Datanglah KepadaKu Engkau Yang Berbeban Berat

Perjalanan hidup ini seperti lomba marathon, bukan lomba lari cepat. Butuh ketekunan dan semangat yang pantang menyerah kalau kita mau mencapai garis akhir dan memenangkan-nya. Dalam lomba marathon, di perlukan strategi yang baik karena jarak yang harus di tempuh jauh lebih panjang daripada lomba lari cepat. Biasa nya di awal pertandingan, kita masih punya semangat tinggi dan kekuatan yang prima. Namun penurunan stamina dan semangat biasa nya terjadi sewaktu akan mendekati garis akhir.

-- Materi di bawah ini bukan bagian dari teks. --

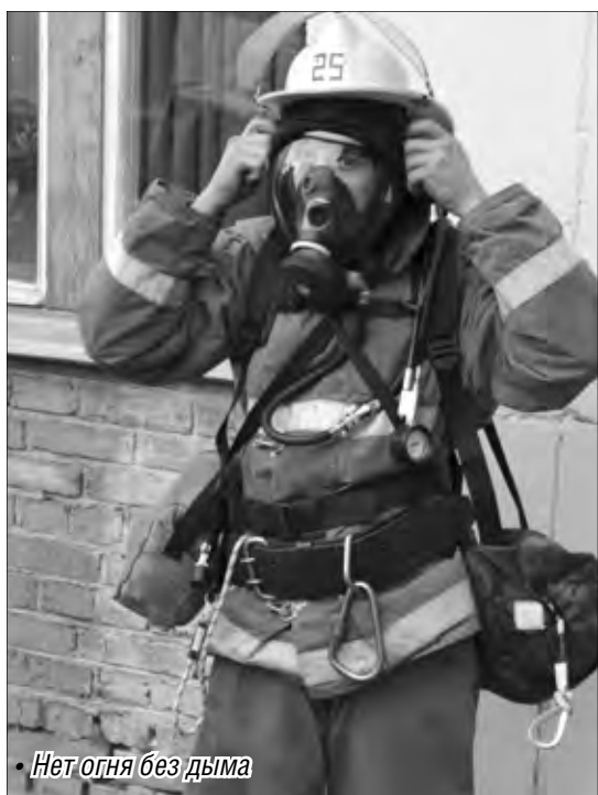
• Нет огня без дыма

Первыми на место прибывают расчеты ПЧ №25. В это время центральный пост вызывает на подмогу дополнительные пожарные силы, аварийные коммунальные службы, «скорую помощь», полицию. Автомобиль, оснащенный лестницей, останавливается в пяти метрах от общежития. Водитель перебирается в будку управления лестницей, которая через пару секунд оказывается у окна, за которым мечутся люди. Первой в специальном мешке эвакуируют девушку. Еще дважды спасатель возвращается на этаж, чтобы помочь покинуть помещение еще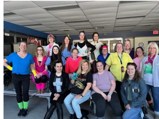
Les éducatrices en service de garde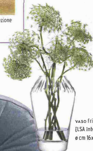
VASO Frieze in vetro [LSA International, ø cm 16x25h €78].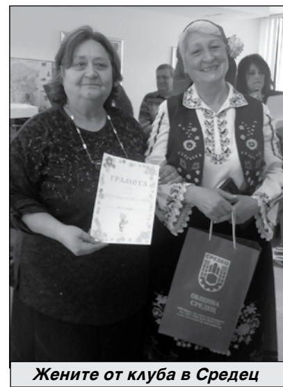
Жените от клуба в Средец

участници да участват в празниците на града през септември. Имате нашата подкрепа, подготвяйте се.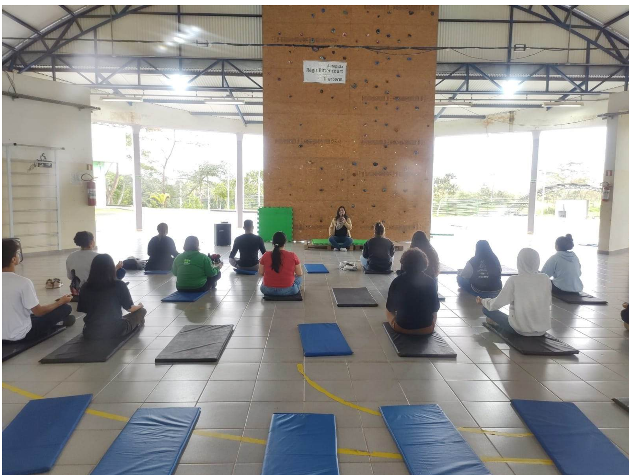
Yoga: pranayamas e meditações simples.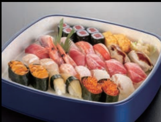
21102 特上握り寿司〈3人盛〉 9,000円 (税込9,900円)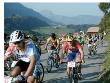
Garmin Bike Marathon Classics mit fünf Rennen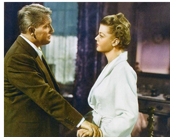
1948 L'ENJEU (State of the Union) de Frank Capra avec Spencer Tracy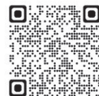
▲日本年金機構 海外任意加入説明ページ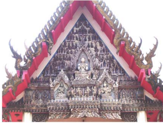
ภาพประกอบ 5 ภาพหน้าบันพระอุโบสถวัดโคก ด้านทิศตะวันออก อ.เมือง จ.เพชรบุรี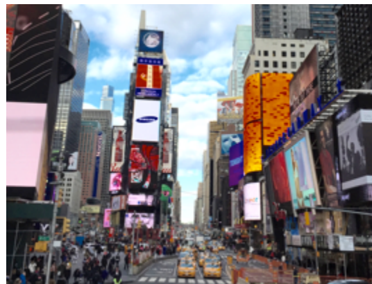
Figura 1. Times Square na cidade de Nova York

Algo que ilustra a permanente pujança econômica e a diversidade econômica na cidade de Nova York é o que se empreendido na ilha de Manhattan na área da Times Square e que pode ser visualizada na figura a seguir.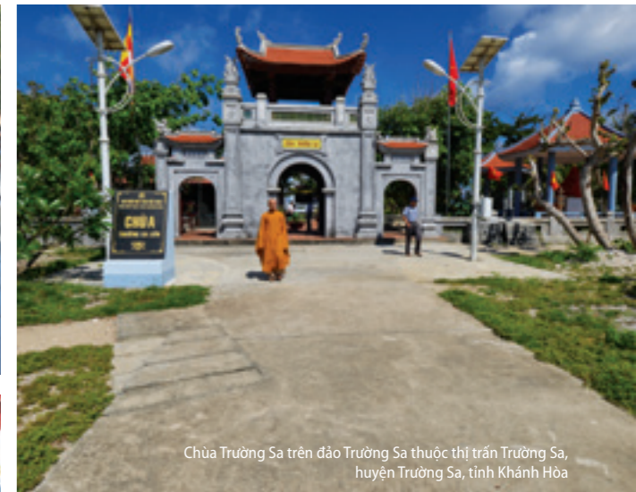
Chùa Trường Sa trên đảo Trường Sa thuộc thị trấn Trường Sa, huyện Trường Sa, tỉnh Khánh Hòa

Đối với các thành viên trong Đoàn công tác, hầu hết lần đầu tiên ra thăm đảo xa, đã nêu cao tinh thần trách nhiệm, không quản ngại khó khăn vất vả; tích cực tham gia các hoạt động trên biển, trên các đảo và nhà giàn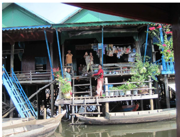
Husene i fiskerlejet på Tonlesap's bred er bygget på 10 meter høje pæle. I sommerperioden er vandet steget seks meter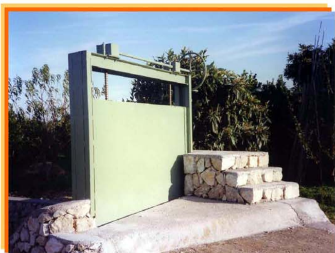
COMPUERTA MANUAL CON DOBLE CAJA REDUCTORA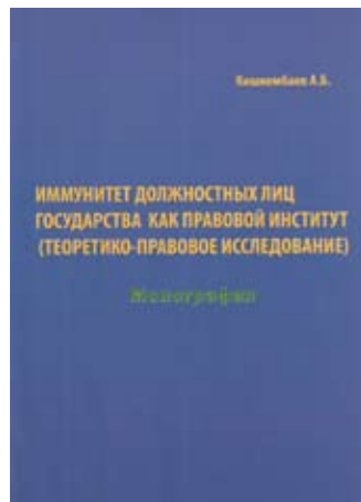
Кишкембаев А. Б. Монография. «Иммунитет должностных лиц государства как правовой институт (теоретико-правовое исследование)» (2011 г.).

Автор более 40 публикаций по актуальным проблемам юриспруденции, в том числе учебного пособия и монографии.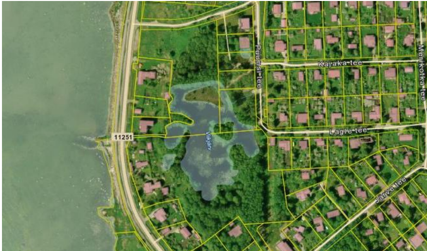
Joonis 2 Püünsi küla ainus järv: Viikjärv

Püünsis paikneb valla ainuke säilinud järv: Püünsi tee ääres asuv ca 1,4 hektariline Viikjärv.

Demikian juga dengan perjalanan hidup kekristenan kita. Ingin sekali kita bisa Finish Strong, tapi terkadang ada saat-saat di mana kita merasa lemah dan tidak sanggup untuk mengakhiri nya sampai garis finish. Di saat-saat seperti itulah jangan sampai kita menyerah tapi datanglah kepadaNya karena Dia lah sumber kekuatan kita. Dia akan menyegarkan jiwa kita, sehingga kita mendapatkan ketenangan dan kekuatan yang baru untuk kembali berlari sampai mencapai garis akhir. “Lalu Ia berfirman: “Aku sendiri hendak membimbing engkau dan memberikan ketenteraman kepadamu” (Keluaran 33:14).

Sebab Tuhan sendiri yang berkata: “Marilah datang kepadaKu, semua yang letih lesu dan berbedan berat, Aku akan memberi kelegaan kepadamu. Pikulah kuk yang Kupasang dan belajarlah padaKu, karena Aku lemah lembut dan rendah hati dan jiwamu akan mendapatkan ketenangan. Sebab kuk yang Kupasang itu enak dan bebanKu pun ringan” (Matius 11:28-30).